When it came down to passing of the GST Bill, a government had to be change and with now the NDA government in Power. It was time for now for the Congress, which had brought  this Bill, to create hindrances for its final passage through the Parliament. The NDA government had now to seriously consider the Opposition’s Changes  to the Bill because without its support, it would not have been possible to clear it in the Rajya Sabha. As we all know, the process  the GST Bill requires a Constitution Amendment and needs ratification by a minimum of two-third majority in at least half of the state assemblies.

Now to The Question why this Bill is know as the Path Breaking Bill to the Indian Economy ?

Basically, the bill means thatt most of the existing taxes will be finished with and the would be replaced by a single-point levy. It would removes a huge amount of bureaucratic paper work. It is a single tax at the final point of the consumption alone. It would do away with the multiplicity of taxes at every level of the supply chain from the manufacturing to the sale point.
Among the many taxes that it finished off the onerous octroi tax that makes trucks make a beeline and wait for long duration on end while crossing over from one state to another. Thus in turn, will make India a large single market. Comparisons have started being drawn with that of the European Union since in the Indian federal structure states the levy has been according to multiplicity of taxes. This simultaneously pushes up the level of taxation on the common man to a very high level. By changing these large number of  central and state taxes with a single tax/levvy, the burden of taxes on the people would come down which would be the Ideal Situation.

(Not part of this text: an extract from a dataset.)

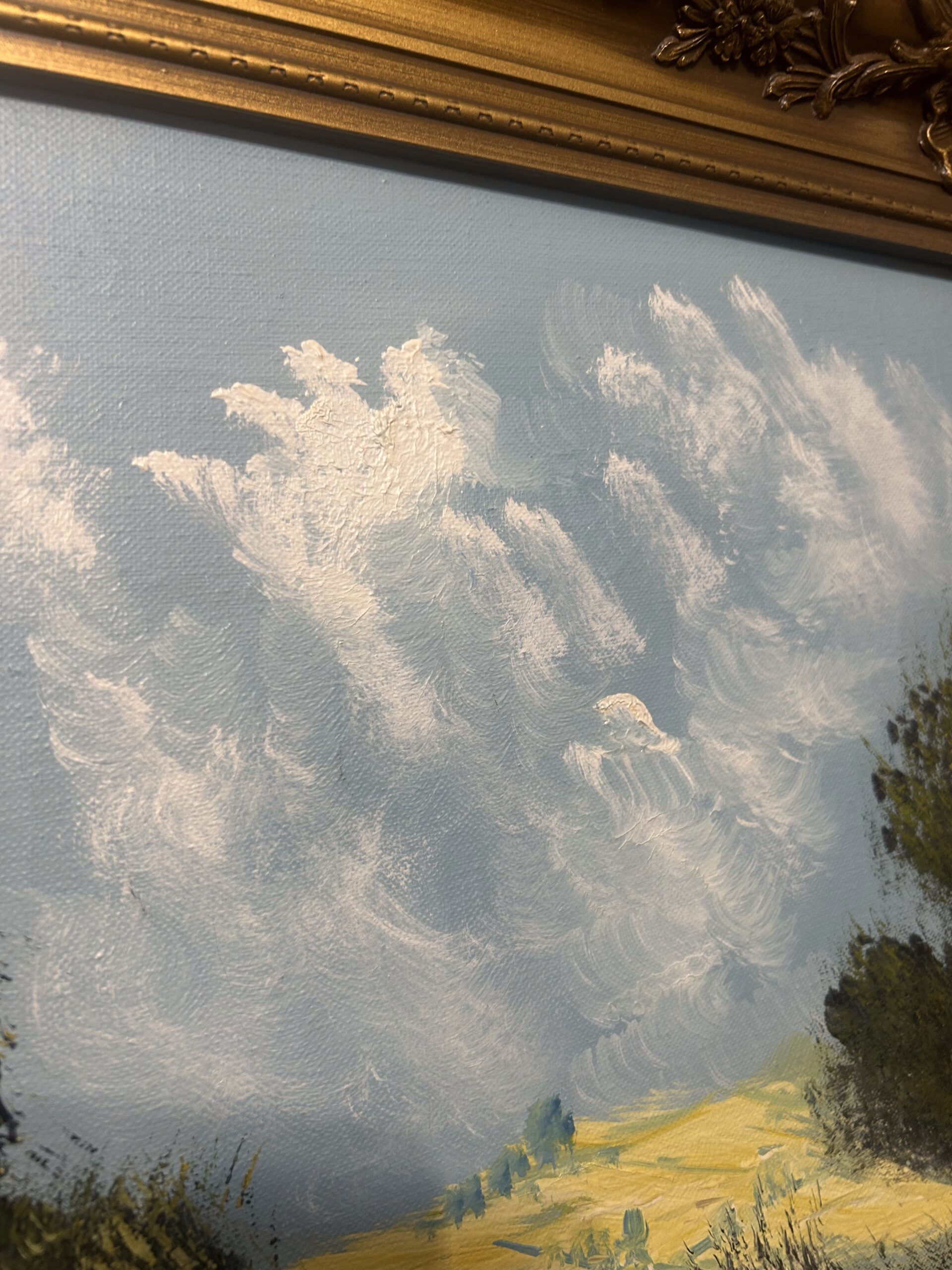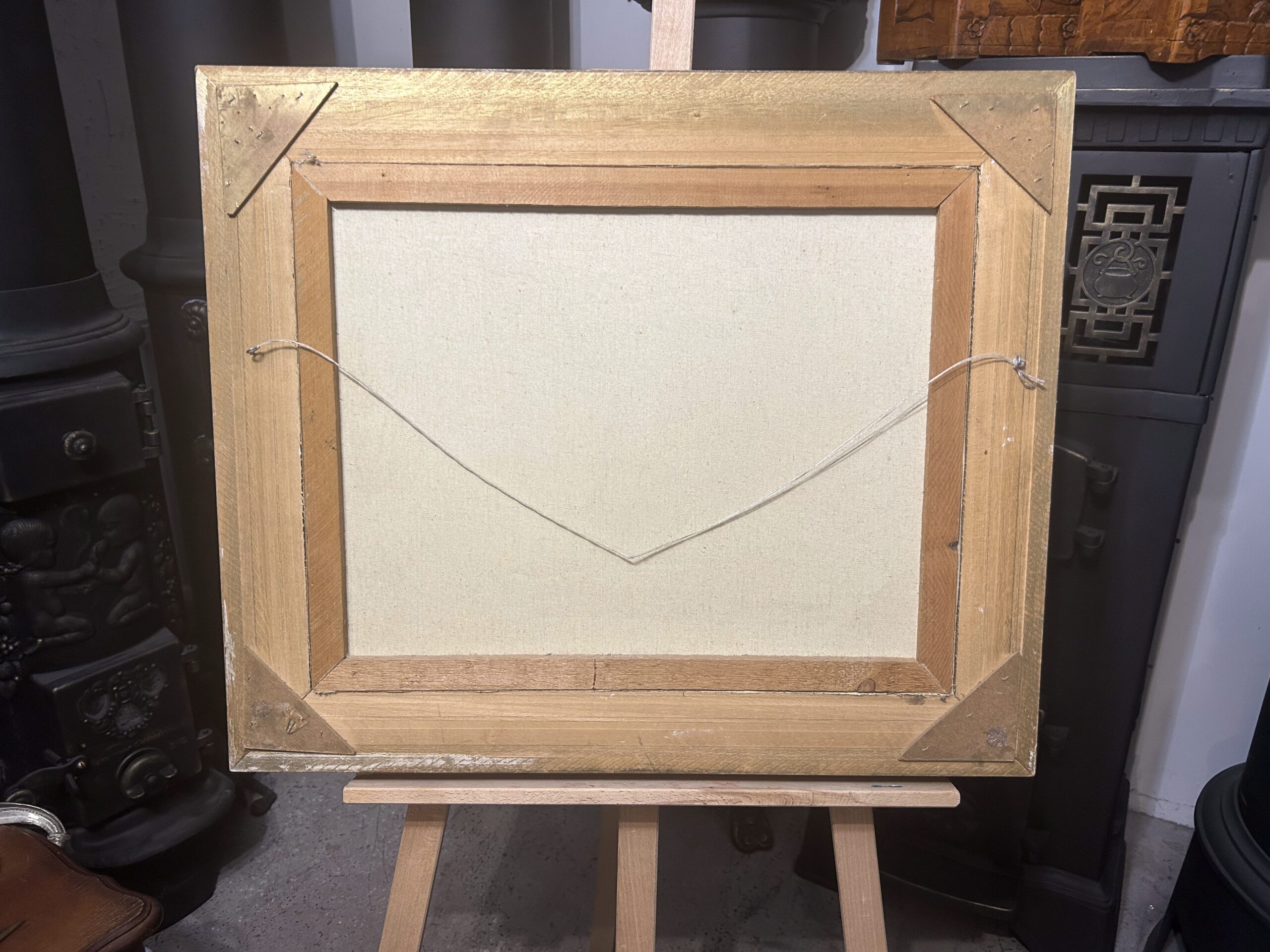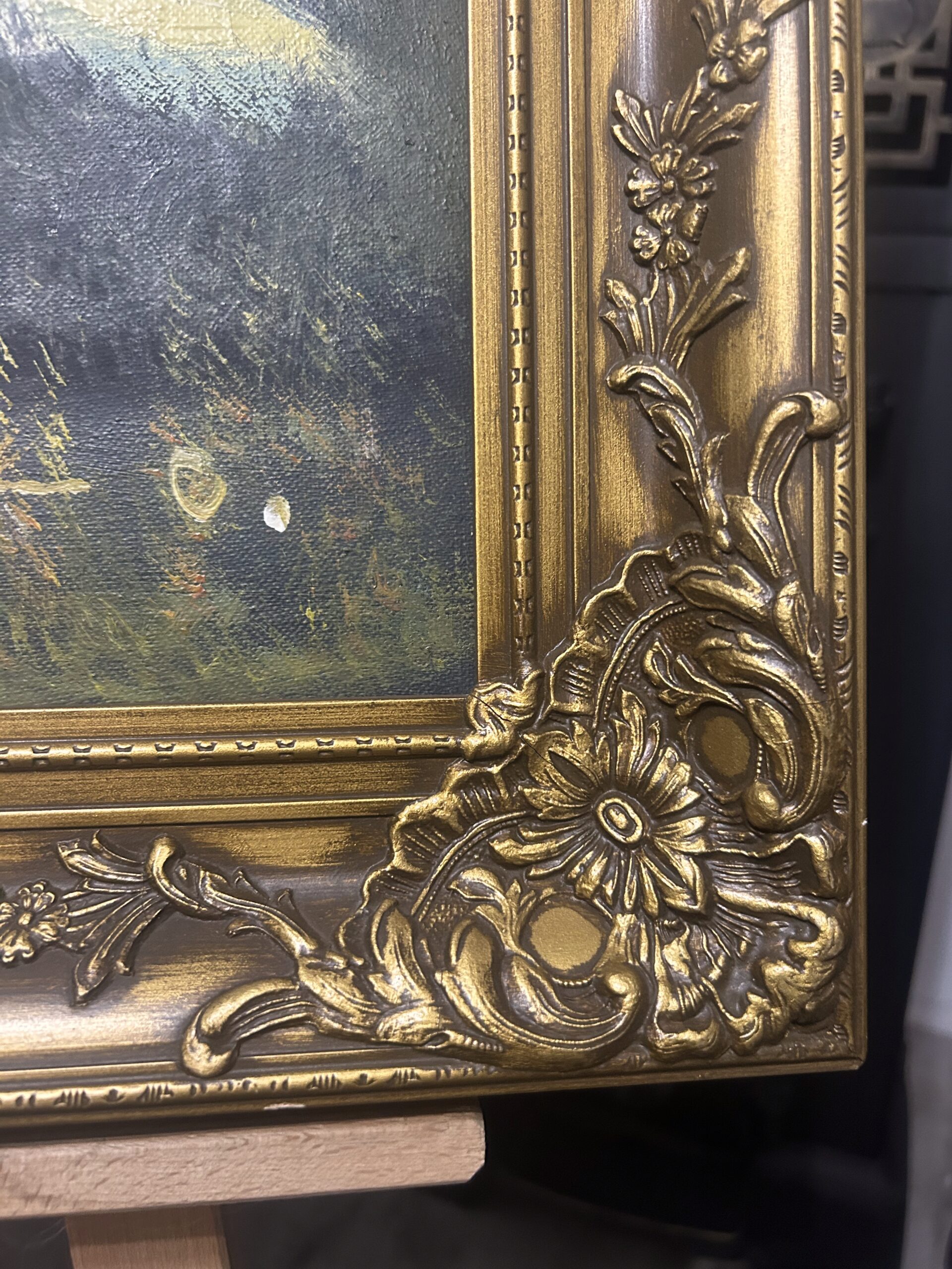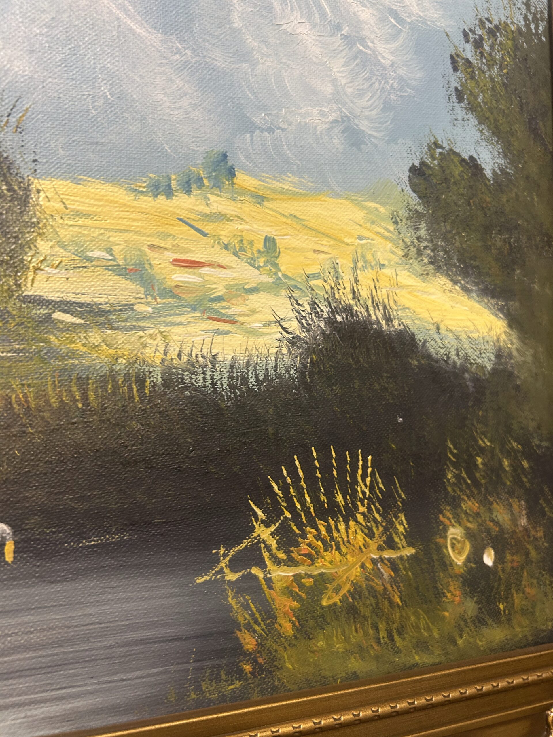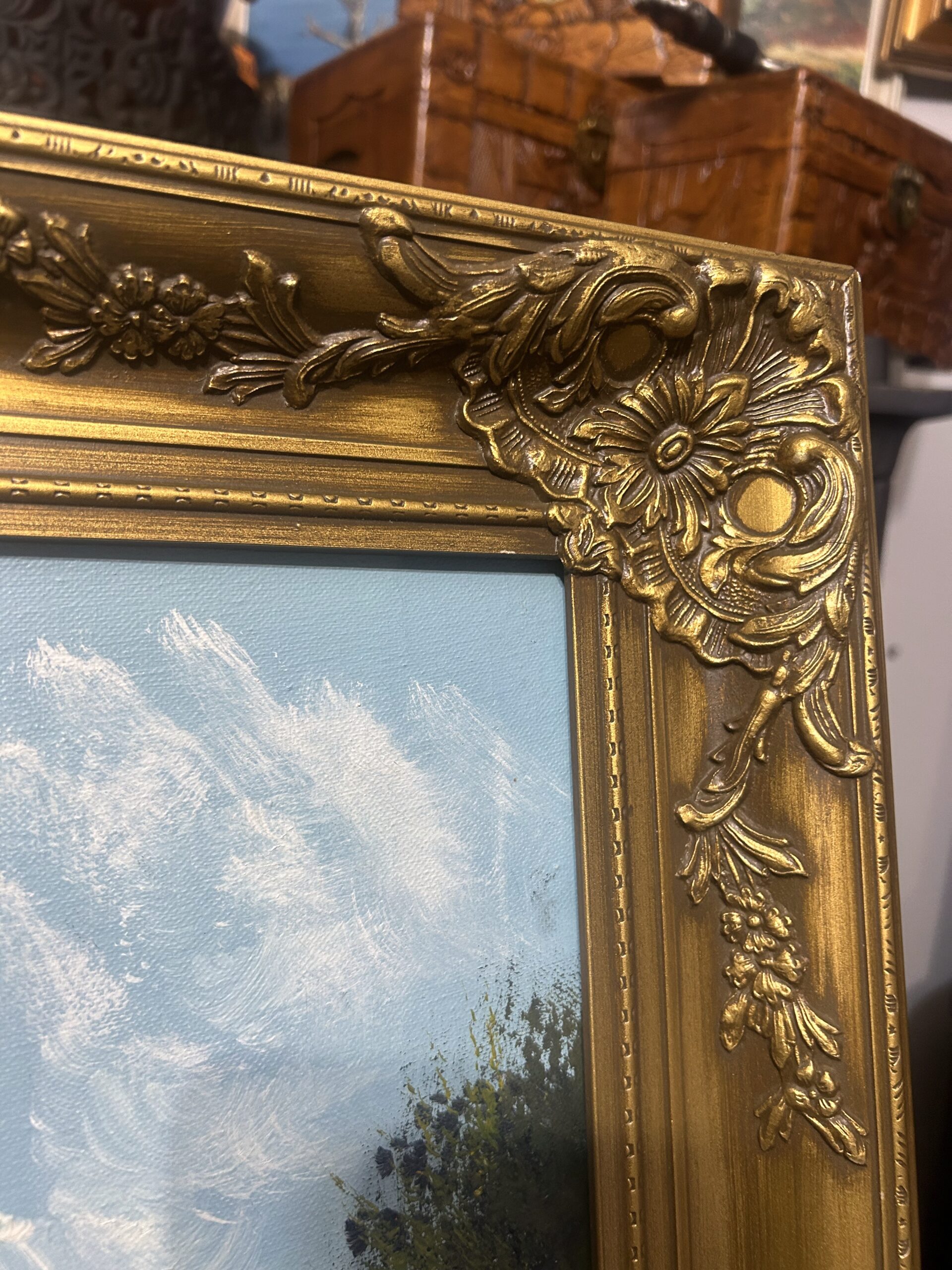 Urokliwy obraz olejny przedstawiający idylliczną scenę wiejskiego życia – biały domek z czerwonym dachem usytuowany nad stawem, na którym spokojnie pływają dwa łabędzie. Otoczony soczystą zielenią, dzieło oddaje atmosferę sielanki i spokoju. Całość oprawiona w bogato zdobioną, złotą ramę, która podkreśla jego klasyczny charakter.

What makes the GST Tax even more important is the fact that 140 other countries have also brought in this single goods and services tax. Various reports have shown that not only have the increased the government revenues in most of these countries but there has been a increase in the gross domestic product of the countries also.

Now to the Next Question.
GST’s impacts on the Common Man ?

The first is the simplicity of operation for both industry and service providers. Manufacturers will find life much easier as they will only pay a single-point tax instead of the numerous excise, octroi and other levies that have to be paid at each tier of the production process. The second is ease of movement throughout the country as goods can be moved from state to state without having to stop to pay octroi. The third is that services will become more expensive as these are now being taxed at a lower rate than the proposed new levy. The fourth is that government revenues should increase as simplification is an incentive to pay tax rather than evade or avoid it. And finally, the ease of doing business will improve, which in turn should lead to more investment, thereby giving a push to economic growth.

This may all seem very fine but the fact is these positive developments would happen only if GST is implemented in an ideal manner. In its present avatar, the tax is being rolled out as a compromise formula. All stakeholders are hoping that it will be improved upon as time goes by. Some economists had even urged that GST should not be launched in this hybrid form as it will not achieve the objectives of a single uniform tax. In the current format it will not be a single tax as originally envisaged because of pressure from state governments. There will be a central tax, a state tax and a third inter-state tax. Not only that, key taxable items like alcohol and petroleum products have been kept out of the purview of GST. These are seen as huge cash cows for the Centre and states, so GST will not be applicable to them. As for the stated aim of keeping the tax rate at 18 per cent, it looks like a distant dream as yet. Studies have shown that some states have taxation levels as high as 27 to 28 per cent. No wonder lobbying has already begun to seek a rate of 22 per cent or higher. This is despite expert reports that show 18 per cent as a revenue neutral rate. In other words, at this rate the same revenue will be raised as in the past if applied to all goods and services.

Unresolved issues in GST Bill

GST Bill is pending in Rajya Sabha as BJP does not have the required majority to get it through. There are obvious benefits of GST but Congress is opposing on some issues in the current bill.

Congress wants that the tax rate should be fixed at 18%. A panel headed by Arvind Subramanian proposed   17-18 percent as the tax rate & National Institute of Public Finance and Policy (NIPFP) later proposed a rate of 23-25 per cent. So final rate is still undecided.

There is also a issue of revenue loss due to fixation of the tax rate.
The additional one percent tax to compensate the revenue loss of “manufacturing” states is not agreed by the Congress as it defeats the whole purpose of a uniform national market for goods and services. Some states are also demanding an adequate mechanism to compensate for the loss of revenue.

There is also a demand for a mechanism to resolve the disputes related to distribution of GST revenues. The Congress wants an independent dispute resolution mechanism to be headed by a retired judge.

Resolution of these issues can pave the way for the passage of GST Bill.